Когда Александр с вами прощался, он хотел поцеловать у вас руку, как у отца. Артист и друг моего Александра, и я склоняю перед вами колена. Ваше творение велико, и ваша любовь велика. В вашем творении есть мысль мировая, ибо троичность бога повторилась везде в человечестве. Но ваше творение не могло выполниться при узких условиях настоящего. На него хотели надеть крышу, а вы его хотели поставить под открытое небо, под то небо, откуда слетал дух святой в виде голубином, в символе любви. Артист! Юноша пророчит вам, что ваше творение будет выполнено, и юноша доживет до той минуты, когда склонит перед ним и напечатлеет поцелуй веры и любви на камне одушевленном с той же горячностью, как теперь готов поцеловать руку самого художника, которого Александр готов был назвать отцом.

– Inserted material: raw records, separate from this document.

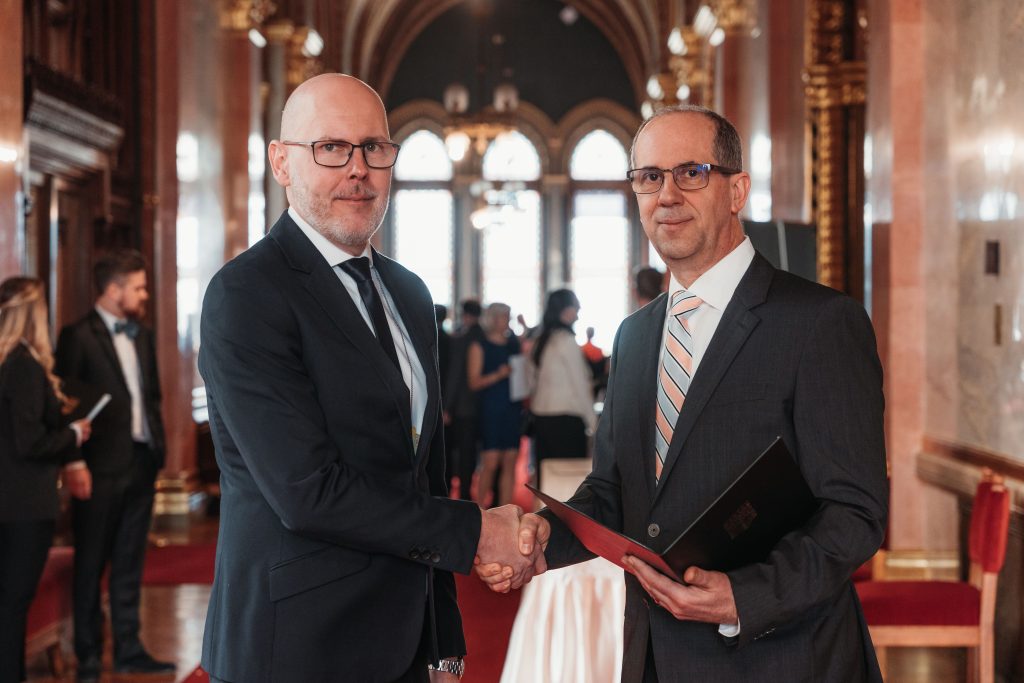 Az eseményen a Széchenyi-egyetem, tudáshasznosító vállalkozása, az Uni Inno Zrt., valamint Digitális Fejlesztési Központja innovációs elismerést vehetett át Bőthe Csabától, a Magyar Innovációs Szövetség ügyvezetőjétől. A kitüntetést a számos nemzetközi kiállításon is díjnyertes környezetbarát permeteződrónnal érdemelték ki, amelyet az ABZ Drone Kft.-vel és a tőkebefektető MIB Invest Group Kft.-vel közösen alapított ABZ Innovation Kft.-n belül alkottak meg.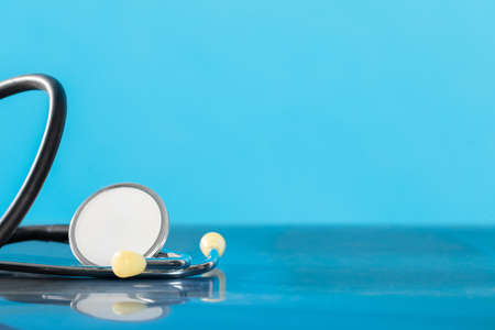 Stethoscope on a blue background. Concept Of Medical And Medical Services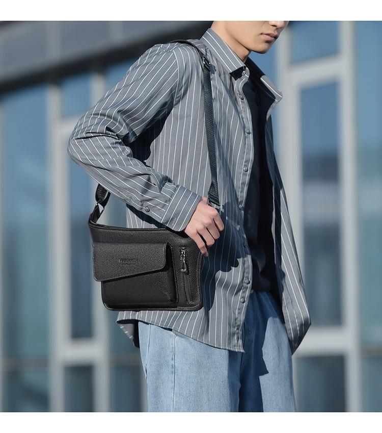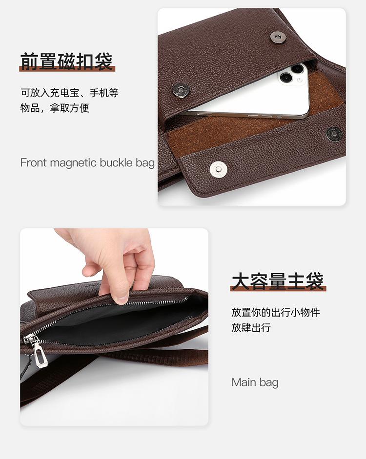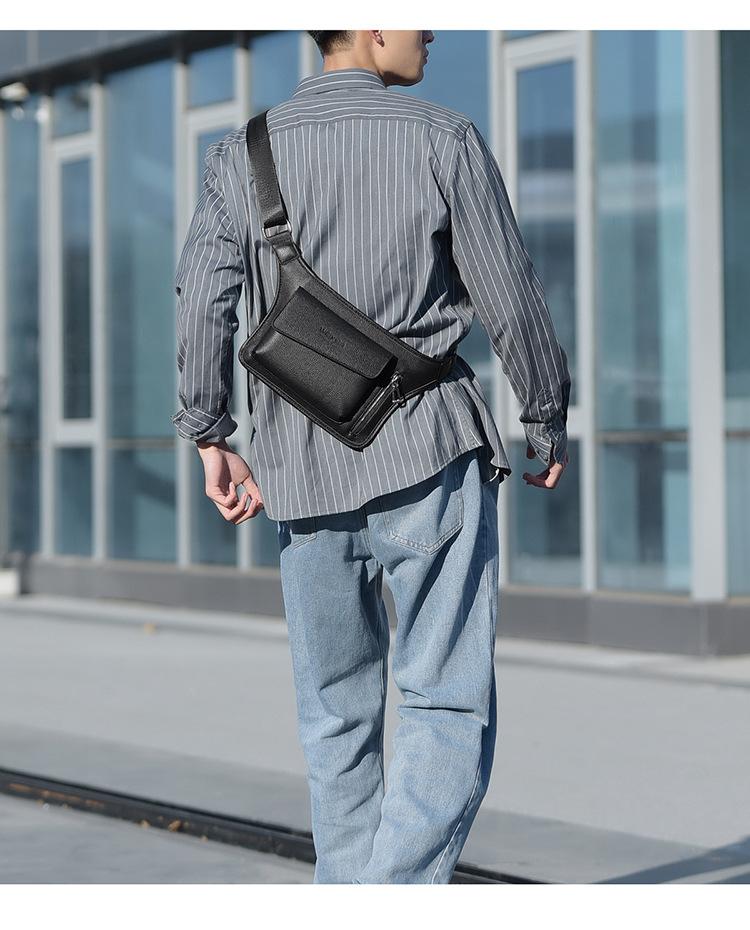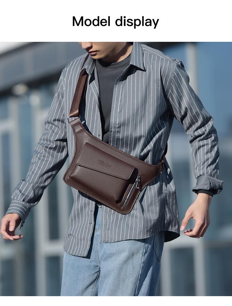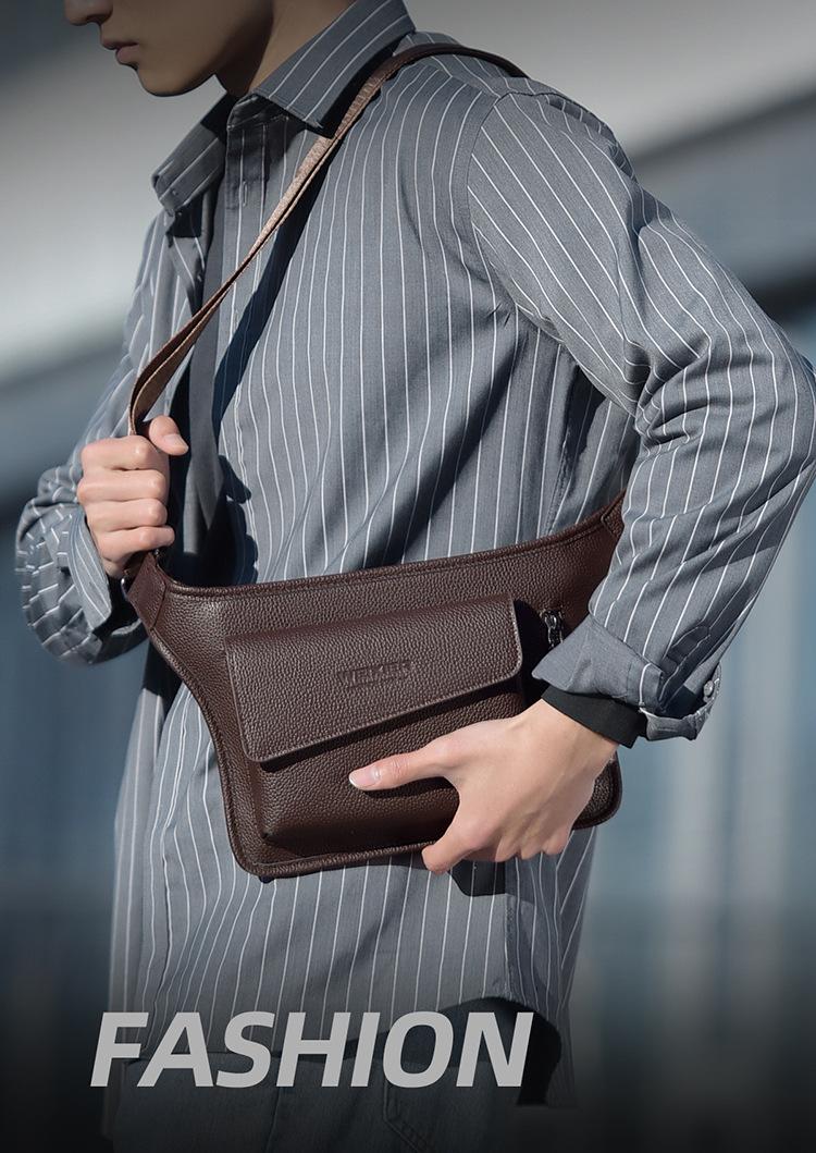 2025 Nueva Bolsa de Pecho Retro para Hombre de Gran Capacidad Impermeable Bandolera de Hombro Pu de Alta Gama Bolsa Deportiva Portátil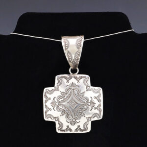 Navajo silversmith Vincent Platero handcrafted this beautiful cross pendant out of sterling silver. The pendant is hand stamped and has a satin finish. A timeless beauty that you will enjoy for years to come. Weighs 26 grams. Signed. (Chain not included) 2 1/16” wide x 3 1/4” long ...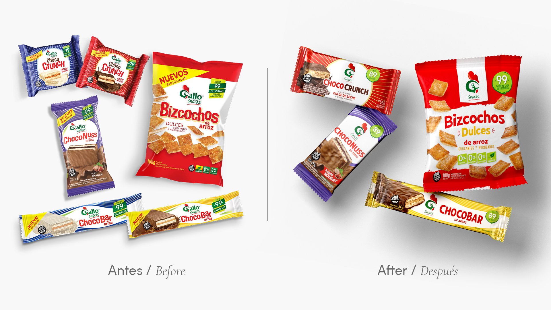 Background En el 2012 eran muy pocos los que pensaban que el arroz podría ser un snack. Molinos, acompañando la tendencia mundial hacia la comida sana, convocó a Grupo Berro para desarrollar la identidad y toda la línea de productos. Hoy, 10 años después, con un liderazgo consolidado en la categoría de snacks saludables, Molinos Río de la Plata nuevamente eligió a Grupo Berro para rediseñar la línea completa. Aprovechando la oportunidad, propusimos un rediseño de la marca. El proyecto “Menos es más” decía el reconocido arquitecto Mies Van der Rohe. En línea con ese concepto Grupo Berro propuso una síntesis de la identidad de Gallo Snacks quitando cuatro letras del nombre principal, destacando sólo el símbolo del gallo aplicado en la “G”. Son muy pocas las marcas que los consumidores las reconocen naturalmente sin la necesidad de leerlas. Con el nuevo diseño Gallo demuestra estar en ese privilegiado grupo. En el caso de los packs, respetando el ADN ya construido a lo largo de una década, definimos una nueva tipografía para los nombres y cambiamos las imágenes, que eran ilustraciones híper realistas, por fotografías reales de los productos que los muestran ricos y verdaderos. El resultado El nuevo branding pone a Gallo Snacks en la vanguardia del diseño y muestra la clara decisión del cliente de ofrecer una constante innovación. La nueva identidad se resume en una letra y destaca la jerarquía de una marca centenaria.

Прошу вас, позвольте мне взять у Александра проект и сообщить художникам неизвестным, и которые, может, никогда не будут известными, но которых душа стремится к бесконечному богу на небесах и к прекрасному в его творении на земле. Позвольте. Разве не сказано „научите немудриих“?
Чем я кончу это письмо, художник, благословенный богом? Вот чем: дайте мне ваше благословение в этом пути земном, дайте его, как отец дает сыну. И у меня в душе живет чистая любовь к богу. Ваше благословение не падет на бесплодную почву.
Вот, Александр Лаврентьевич, несколько строк, писанные вам человеком, которого вы только знаете через меня, — Огаревым). Он был в восторге от мысли вашего храма и просил, чтоб я ему списал из ваших „Записок“ о проекте; но я не смел этого сделать, потому он и просит вас. Напишите ему хотя строчку, это человек дивной чистоты душевной, любите его — он вас любит.
Вам предстоит разлука с Прасковьей Петровной{54}, одиночество ваше еще увеличится. Где то время, когда я иногда служил вам отдохновением (ибо в вашей любви я не сомневаюсь). Зачем это было тогда, а не теперь? Теперь я больше чист, теперь я достойнее вашей дружбы.
Прежде, нежели вы получите это письмо, Наташа будет матерью. Какое великое дело — воспитание раскрывается перед нами, на нашу ответственность бог дает существо — человека. Господи! дай же силу вести его по закону твоему. Помолитесь о нас, помолитесь и об малютке…
Пришлите мне, пожалуйста, с Прасковьей Петровной один из ваших проектов (большого храма) в тевтоно-готическом стиле; это будет священный залог вашего внимания ко мне. Прощайте. Ваш друг до гроба.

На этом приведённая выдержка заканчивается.